- Born: May 31, 1969 Hrodna, Belarusian SSR
- Education: University of Hrodna
- Known for: Research on Belarusian heraldry

= Aliaksei Shalanda =

Aliaksei Shalanda, Candidate of Sciences (Аляксей Шаланда, born 31 May 1969), is a Belarusian historian and heraldist.

==Biography==

A. Shalanda was born in Hrodna and graduated from the University of Hrodna in 1993. In 2000 he received his Candidate of Sciences title, (dissertation thesis: Heraldry of the nobility of Belarus in the second half of 16th century - 18th century, Шляхецкая геральдыка Беларусі ў другой палове ХVІ–ХVІІІ ст.).

Since 2008, A. Shalanda has been working at the Institute of History of the National Academy of Sciences of Belarus.

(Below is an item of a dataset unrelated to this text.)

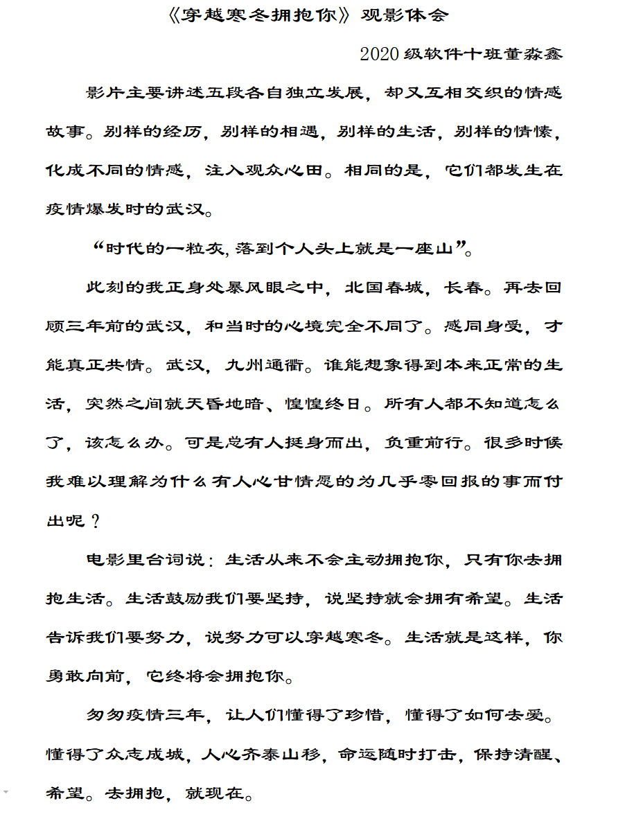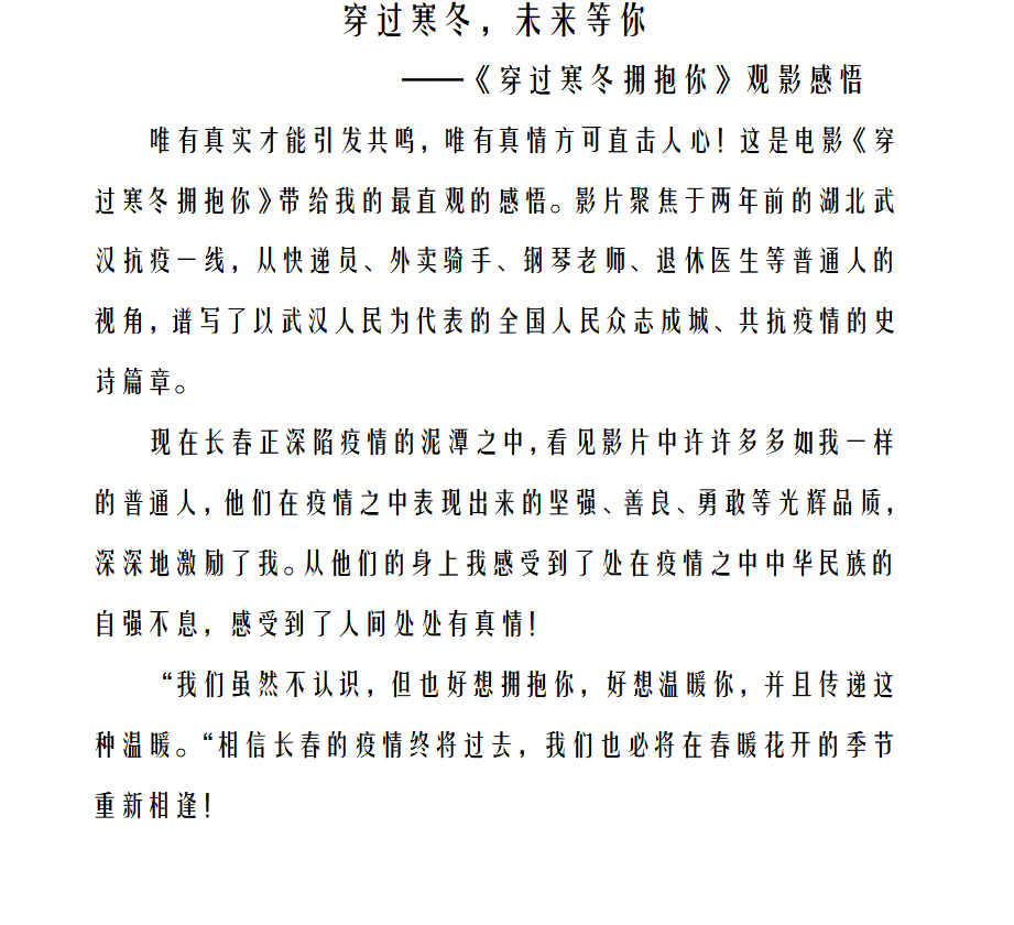 活动持续了两个小时,在观影结束后,许多同学感慨万分,纷纷写下了观后的感悟。同学们写道“泪水与笑脸交织、温暖与感动并存,无数个普通人拼尽全力、守望相助的抗疫情景,深深定格在我们的年度记忆中。”“匆匆疫情三年,让人们懂得了珍惜,懂得了如何去爱,懂得了众志成城。”“伤痛终会愈合,寒冬终将过去,每一个活下来的人终会穿过寒冬彼此温情相拥。”

In 2010-2012 he was head of the Heraldry and Numismatics Sector of the Special Historical Research and Informational-Analytical Work Department of the institute. Since 2012, he has been Head of the Special Historical Research and Informational-Analytical Work Department.

In 2015–2020, he was Head of Department of Genealogy, Heraldry and Numismatics of the Institute of History of the National Academy of Sciences of Belarus.

In December 2020, the Department of Heraldry, Genealogy and Numismatics led by Professor Aliaksei Shalanda was closed and he himself along several of his colleagues was fired, allegedly for supporting nationwide protests against the regime of Alexander Lukashenko that followed a controversial presidential election in August 2020. A. Shalanda gave his expert opinion on the request of a court regarding the historical white-red-white flag of Belarus, a popular protest symbol, pointing out that there was no ground for the police to prosecute citizens for the public display of the flag. The firing of Professor Shalanda and his colleagues was met with criticism from the Belarusian academic community, which in its collective statements, such as the Appeal Against Repressions.

==Selected works==

- Сімвалы і гербы зямель Беларусі ў Х–ХVІІІ ст. геральдычна-сфрагістычныя нарысы [Symbols and coats of arms of the lands of Belarus in the 10th-18th centuries], 2012.
- Таямнічы свет беларускіх гербаў. Шляхецкая геральдыка Вялікага княства Літоўскага [The mysterious world of Belarusian coats of arms. The heraldry of the nobility of the Grand Duchy of Lithuania], 2014.
- Код Францішка Скарыны. Геральдычныя матэрыялы ў пражскіх і віленскіх выданнях беларускага першадрукара [The Code of Frantsishak Skaryna. Heraldic materials in the Prague and Vilnius publishings of the Belarusian book printer], 2017.